В правой затылочной коре и более высоких отделах зрительной системы правого полушария благодаря простым признакам отражаются вполне конкретные образы, расположенные во вполне конкретном, открывающимся сиюминутно перед глазами, зрительном пространстве. Паттерны, описывающие одинаковые текстуры, объединяются между собою только внутри данной текстуры однородной области – той области, которая «выстрижена» нейронами затылочной коры из фона...

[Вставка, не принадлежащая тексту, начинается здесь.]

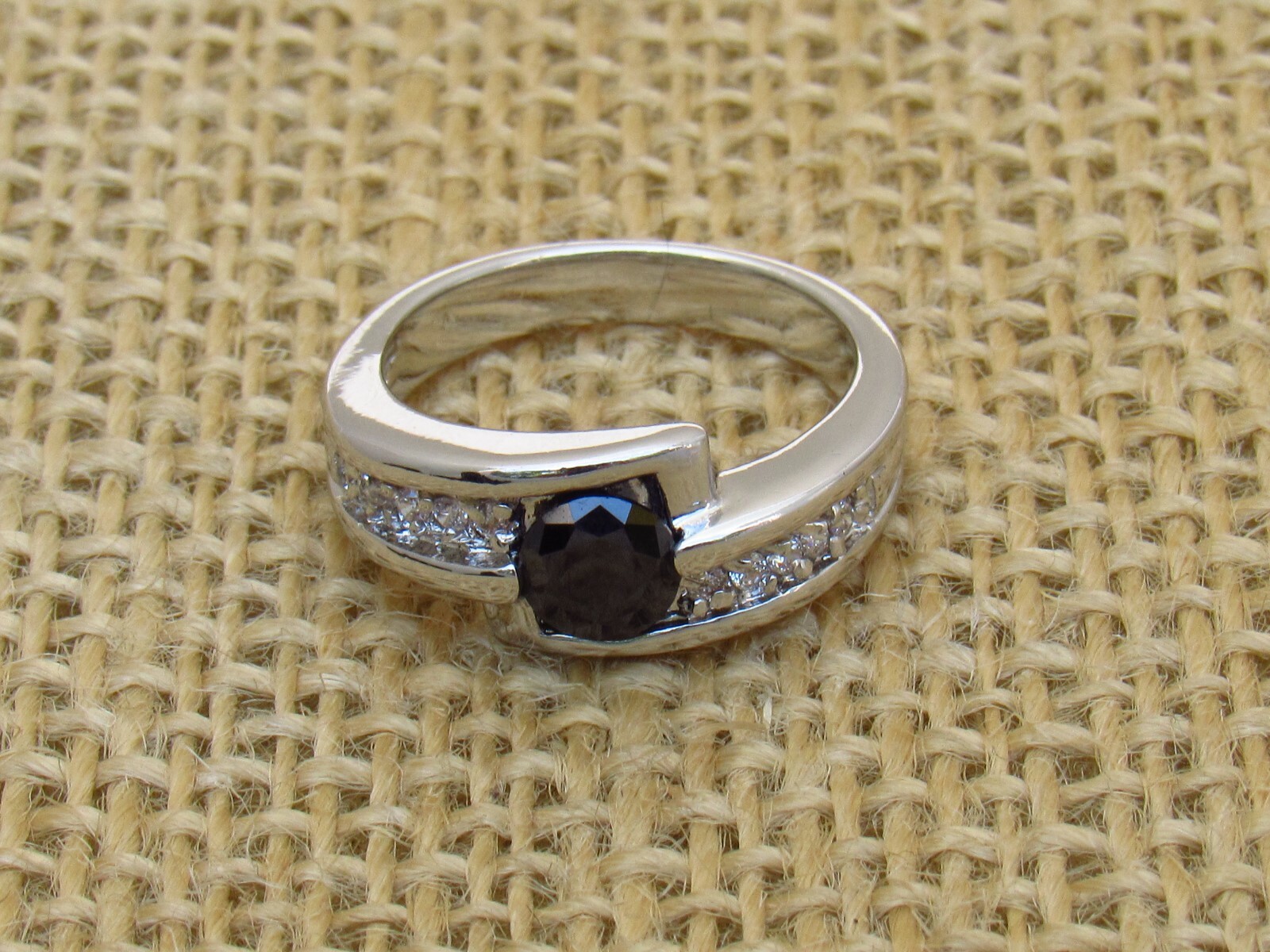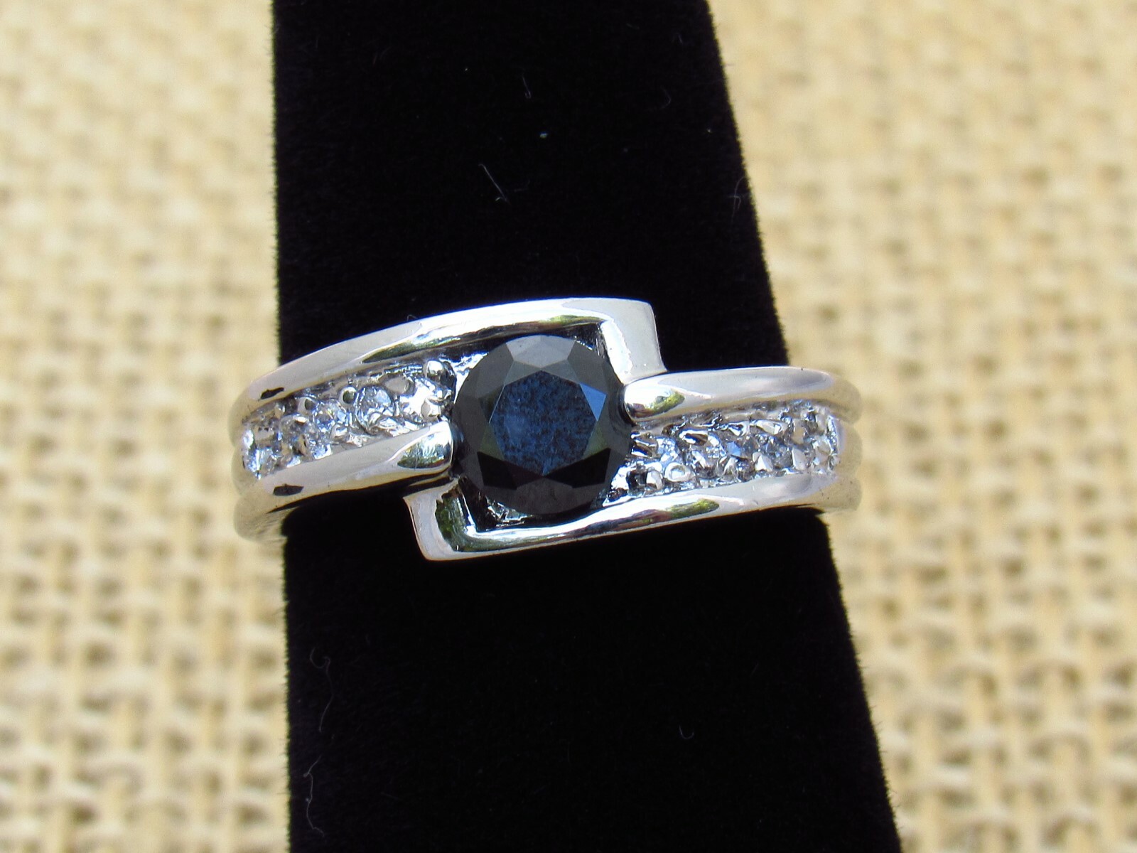 как выглядит Lovely "Lab" Black Onyx and White Topaz Silver Ring Size 7.75 Weighs 6 Grams фото

В левом же полушарии объединение простых признаков происходит иначе. Кусочное квазиголографическое представление картины видоизменяется так, что возникает преобразование Меллина (описывать его без формул крайне сложно, поэтому ограничимся одним названием). Оно обладает массой полезных свойств. В частности, сложные признаки – результат объединения большого количества простых – дают возможность очень экономично (с точки зрения использования ресурсов мозга) воспринимать и запоминать предъявляемые изображения. Это резко упрощает оценку связи воспринятого образа с имеющейся в мозгу моделью мира, а в конечном счете позволяет быстро решать, какое действие нужно предпринять.

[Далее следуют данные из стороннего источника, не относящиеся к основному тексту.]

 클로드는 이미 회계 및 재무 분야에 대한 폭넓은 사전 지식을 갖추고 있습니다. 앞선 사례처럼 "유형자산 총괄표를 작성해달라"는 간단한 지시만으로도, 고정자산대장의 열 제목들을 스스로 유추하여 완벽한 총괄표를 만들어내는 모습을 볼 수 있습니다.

Сложные признаки выглядят математически как особого рода поверхности – гиперплоскости в многомерном пространстве простых признаков. Чтобы опознать (отыскать в памяти) образ, левому полушарию нет нужды просматривать путь в точку многомерного пространства, как это делает правое. Достаточно определить, справа или слева от гиперплоскости находится искомый сложный признак, и в несколько шагов выйти в искомую область. Грубо говоря, с помощью сложных признаков идет стрельба по площади, а не по точечной цели. Ясно, что если площадь велика, на такое попадание хватит иной раз даже одного «снаряда», даже самого грубого признака («живое – не живое» и тому подобное), хотя в большинстве случаев придется тратить пять – десять.

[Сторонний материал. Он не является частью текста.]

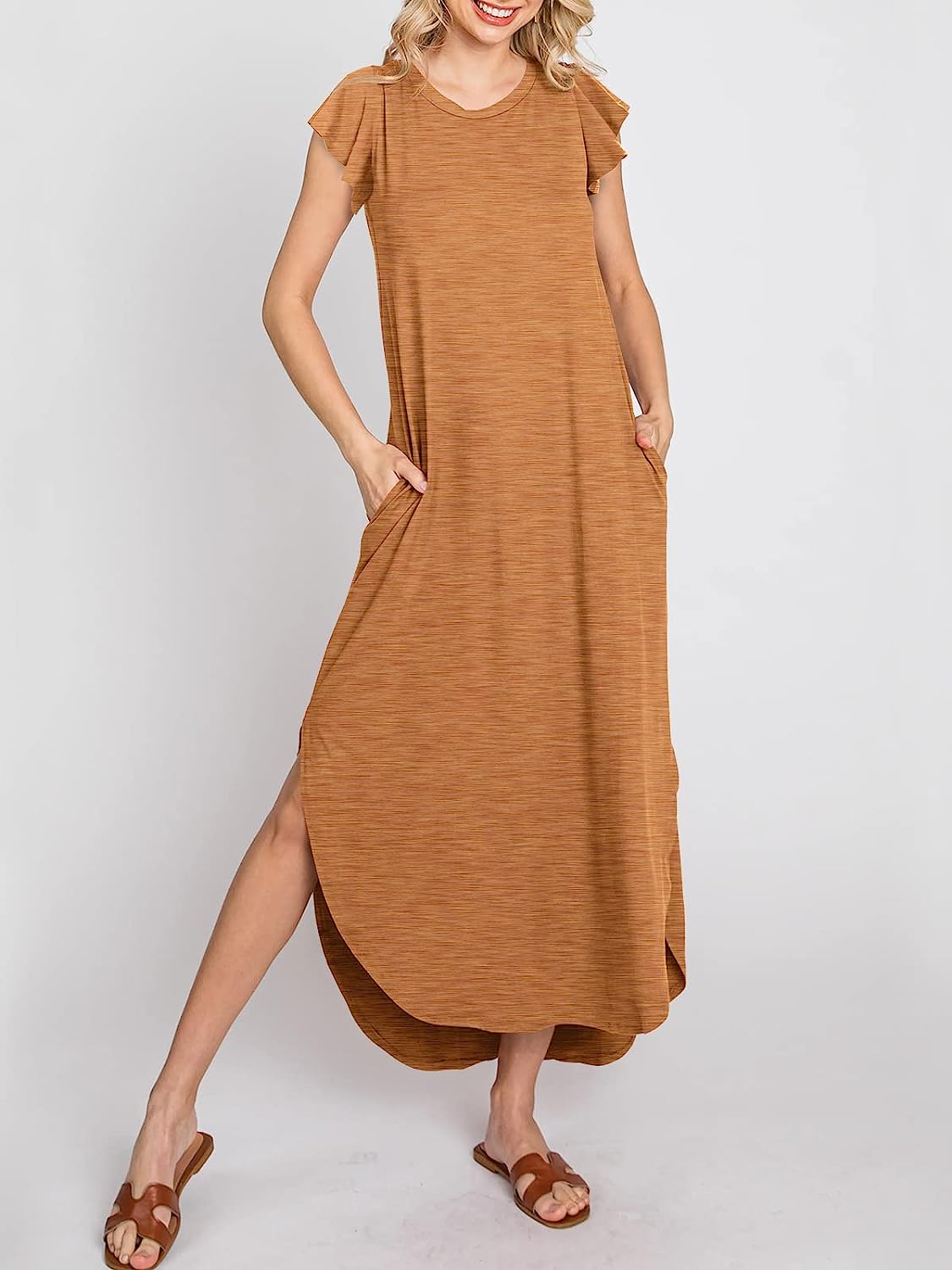 Features – Cute flutter sleeves,crewneck,maxi length,slit side,pockets.curve hem,beach dress.
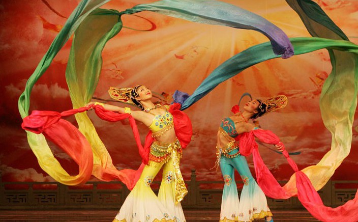 Women's Traditional Chinese Dunhuang Flying Apsaras Dance Costume with Long Silk Ribbons for Stage Performance

Отсюда понятно, почему при коротком времени предъявления не различаются, например, картинки «зонтик» и «карандаш». Это происходит не потому, что оба они длинные. Длина есть признак, передающийся и описываемый отдельным каналом – каналом пространственных отношений. По длине, как известно, мы лишь в немногих случаях способны косвенно судить о форме. Причина путаницы в том, что в первые мгновения после саккадического скачка поля НКТ очень грубы, и описание по преобразованию Меллина оказывается очень приблизительным: зонтик и карандаш не различаются потому, что первые члены преобразования у них одинаковы. А поскольку (из-за краткости предъявления, заданного экспериментатором) дальнейший анализ прерывается, испытуемый судит о форме только на основании усеченного набора сложных признаков – и ошибки неизбежны.

Такой механизм зрительного опознавания объясняет, почему левое полушарие лучше справляется с задачами «Установить сходство», а правое – с задачами «Установить различие», а также, почему при анализе сходства мозг ошибается чаще, нежели при анализе различия.